September 2023: Predictive Data Analytics in Global Health

Issue 4, September 2023

This month’s Research Roundup is focused on the use of predictive data analytics within global health to support health outcomes. We’ve invited Diwakar Mohan, faculty at the Center for Global Digital Health Innovation in the Johns Hopkins Bloomberg School of Public Health, to provide his thoughts and considerations on how big data can be leveraged to support population health outcomes. There are many aspects to explore, including studies that demonstrate: 

  • How the use of big data, such as Facebook ad data or geo-referenced household data, can allow us to track and monitor progress on United Nations Sustainable Development Goals (SDGs) 
  • The need for clear governance and legislation around the use of big data as well as data privacy and security. 

 

Guest Editor's Remarks:

In the digital age, the use of predictive analytical models has revolutionized various fields, with global health not being an exception. The field involves the use of data, statistical algorithms, and machine learning techniques to predict future outcomes based on historical—or, in some cases, live—data. These models have emerged as powerful tools, enabling researchers and policymakers to detect disease outbreaks, allocate resources efficiently, and design effective interventions. 

Early detection and prevention of diseases
A big impact of predictive analytical models in global health is their ability to detect and predict disease outbreaks, in time for corrective action. By connecting and analyzing vastly different data, these models can identify spatial patterns and time trends, allowing health organizations to prepare and respond proactively. These models, for example, have been instrumental in predicting the spread of infectious diseases such as Ebola and Zika virus, as well as the COVID-19 pandemic. 

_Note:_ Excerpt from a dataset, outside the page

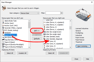 Note that some of vRigger's gear is only available if you own the "optional gear kit." This gear is displayed in gray text in the Gear Manager's "gear that you don't use" list and cannot be moved to the "gear that you might use" list. Click the Gear Licensing button in the Gear Manager to learn how to purchase the optional gear kit.

Optimizing resource allocation
Resource allocation is a critical aspect of global health management, especially when it is a fixed pie. Predictive analytical models have helped healthcare organizations in high-income settings to optimize their resources by forecasting patient admissions, medication needs, and equipment requirements—ensuring health systems have the right resources in the right place at the right time. We are working towards achieving similar gains in low resource settings where optimization efforts are slower due to a lack of timely and good quality data. 

Precision medicine
Predictive analytical models are revolutionizing healthcare by enabling individualized treatment plans and targeting. By analyzing a patient's medical history, lifestyle, and environmental factors, models can predict disease risks and recommend tailored management options. These capabilities enhance patient outcomes, and reduce unnecessary treatments and tests, minimizing preventable side effects, lowering healthcare expenses, and optimizing use of available resources. 

Targeting public health interventions
Predictive analytical models also play a vital role in the design and rollout of targeted public health interventions. Analyzing contextual factors in the community alongside demographic data, the social determinants of health, and historical health records allows models to identify at-risk populations and tailor interventions to specific sub-populations. These models ensure that public health efforts are focused, efficient, and impactful. 

Challenges and ethical considerations
While predictive analytical models offer immense potential, their use in global health will not be without challenges. Ensuring data privacy (especially amongst the most vulnerable), addressing biases in algorithms, and building trust amongst stakeholders are significant hurdles. Ethical considerations around consent, data ownership, and the responsible use of predictive models need to be handled carefully in order to maintain public trust and uphold the integrity of those responsible for public health. 

Conclusion
Predictive analytics have emerged as indispensable tools within global health. By harnessing the power of improved data and advanced algorithms, these models facilitate early disease detection, optimal resource allocation, precision medicine, and targeted public health interventions. However, stakeholders (including policymakers, researchers, and public interest organizations) need to address ethical concerns as well as work collaboratively to harness predictive analytics' full potential. Due to continuous advancements in technology, predictive analytical models will continue to shape the future of global health, saving millions of lives and improving well-being, but only when implemented in an ethical and responsible manner. 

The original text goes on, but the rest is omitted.